Wednesday, 3 August 2011

The power of dreams.



Let’s say you have one of those tricky briefs to crack today. The pressure is on, the floor is covered in balls of screwed up paper and you can hear the twitch of an account handlers arse right outside your door.

In this kind of situation, take a tip from a few scientists. Instead of banging your head against a wall, go home, head for the bedroom, climb under the covers and go back to sleep. Because some of our most creative moments happen when we are having a deep REM nap.


Apparently REM, or rapid eye movement sleep, is when most dreams occur and this is the time when we are better able to come up with original thinking.

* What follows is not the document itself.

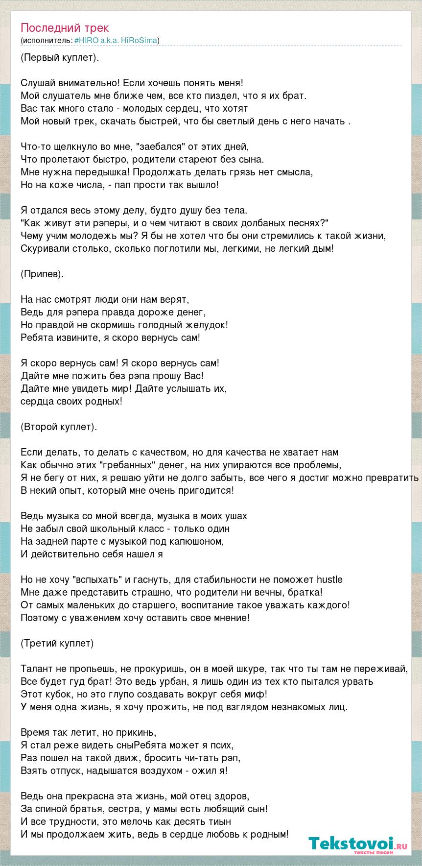 (Первый куплет). Слушай внимательно! Если хочешь понять меня! Мой слушатель мне ближе чем, все кто пиздел, что я их брат. Вас так много стало - молодых сердец, что хотят Мой новый трек, скачать быстрей, что бы светлый день с него начать . Что-то щелкнуло во мне, "заебался" от этих дней, Что пролетают быстро, родители стареют без сына. Мне нужна передышка! Продолжать делать грязь нет смысла, Но на коже числа, - пап прости так вышло! Я отдался весь этому делу, будто душу без тела. "Как живут эти рэперы, и о чем читают в своих долбаных песнях?" Чему учим молодежь мы? Я бы не хотел что бы они стремились к такой жизни, Скуривали столько, сколько поглотили мы, легкими, не легкий дым! (Припев). На нас смотрят люди они нам верят, Ведь для рэпера правда дороже денег, Но правдой не скормишь голодный желудок! Ребята извините, я скоро вернусь сам! Я скоро вернусь сам! Я скоро вернусь сам! Дайте мне пожить без рэпа прошу Вас! Дайте мне увидеть мир! Дайте услышать их, сердца своих родных! (Второй куплет). Если делать, то делать с качеством, но для качества не хватает нам Как обычно этих "гребанных" денег, на них упираются все проблемы, Я не бегу от них, я решаю уйти не долго забыть, все чего я достиг можно превратить В некий опыт, который мне очень пригодится! Ведь музыка со мной всегда, музыка в моих ушах Не забыл свой школьный класс - только один На задней парте с музыкой под капюшоном, И действительно себя нашел я Но не хочу "вспыхать" и гаснуть, для стабильности не поможет hustle Мне даже представить страшно, что родители ни вечны, братка! От самых маленьких до старшего, воспитание такое уважать каждого! Поэтому с уважением хочу оставить свое мнение! (Третий куплет) Талант не пропьешь, не прокуришь, он в моей шкуре, так что ты там не переживай, Все будет гуд брат! Это ведь урбан, я лишь один из тех кто пытался урвать Этот кубок, но это глупо создавать вокруг себя миф! У меня одна жизнь, я хочу прожить, не под взглядом незнакомых лиц. Время так летит, но прикинь, Я стал реже видеть сныРебята может я псих, Раз пошел на такой движ, бросить чи-тать рэп, Взять отпуск, надышатся воздухом - ожил я! Ведь она прекрасна эта жизнь, мой отец здоров, За спиной братья, сестра, у мамы есть любящий сын! И все трудности, это мелочь как десять тиын И мы продолжаем жить, ведь в сердце любовь к родным!

In fact, a study at the University of California San Diego says that volunteers who entered REM during sleep, improved their creative problem solving ability by almost 40%.

When you sleep your mind does not turn off; quite the contrary, it becomes very active during dreaming. Through dreams, your mind

Mm-mm-mm-mm-mm-mm-mm

continues to work out solutions and tackle problems and taps into your innate creativity and problem solving skills.

The old saying “to sleep on it” is a perfect example. Sleep is a powerful problem-solving tool and you can be flat out in the land of nod and still come up with a work of genius. Take the song ‘Yesterday’ for example. When The Beatles were in London in 1965 filming Help! McCartney was staying in a small attic room in a house on Wimpole Street.

One morning, in a dream he heard a classical string ensemble playing, and, as McCartney tells it:  “I woke up with a lovely tune in my head. I thought, ‘That’s great, I wonder what that is?’ There was an upright piano next to me, to the right of the bed by the window. I got out of bed, sat at the piano, found G, found F sharp minor 7th — and that leads you through then to B to E minor, and finally back to E. It all leads forward logically. I liked the melody a lot, but because I’d dreamed it, I couldn’t believe I’d written it.”

This creative surge happens more often than you imagine. Stephen King often gets ideas for his books from dreams. Golfer Jack Nicklaus credits an improvement to his game from a dream that showed a new way to hold his golf club. And back in the 70’s copywriter Terry Lovelock was awoken from a dream and scribbled ‘Heineken Refreshes The Parts Other Beers Cannot Reach’ on a sheet of paper next to his bed.

Psychology professor Richard Wiseman, say’s. “In our dreams we produce unusual combinations of ideas that can seem surreal, but every once in a while result in an amazingly creative solution to an important problem”. Professor Wiseman also stressed that the findings reveal the ease with which ideas are produced, but called on bosses to alter working habits to aid creativity.

“Ideas can come to people at any time and in any place, but to fully reap the rewards of a creative mind people’s brains need to be primed for a new way of thinking”, he said. “Britain’s bosses must therefore foster new approaches if they want to get the most out of their employees.”

John Fountain is tucked up with a nice cup of Horlicks.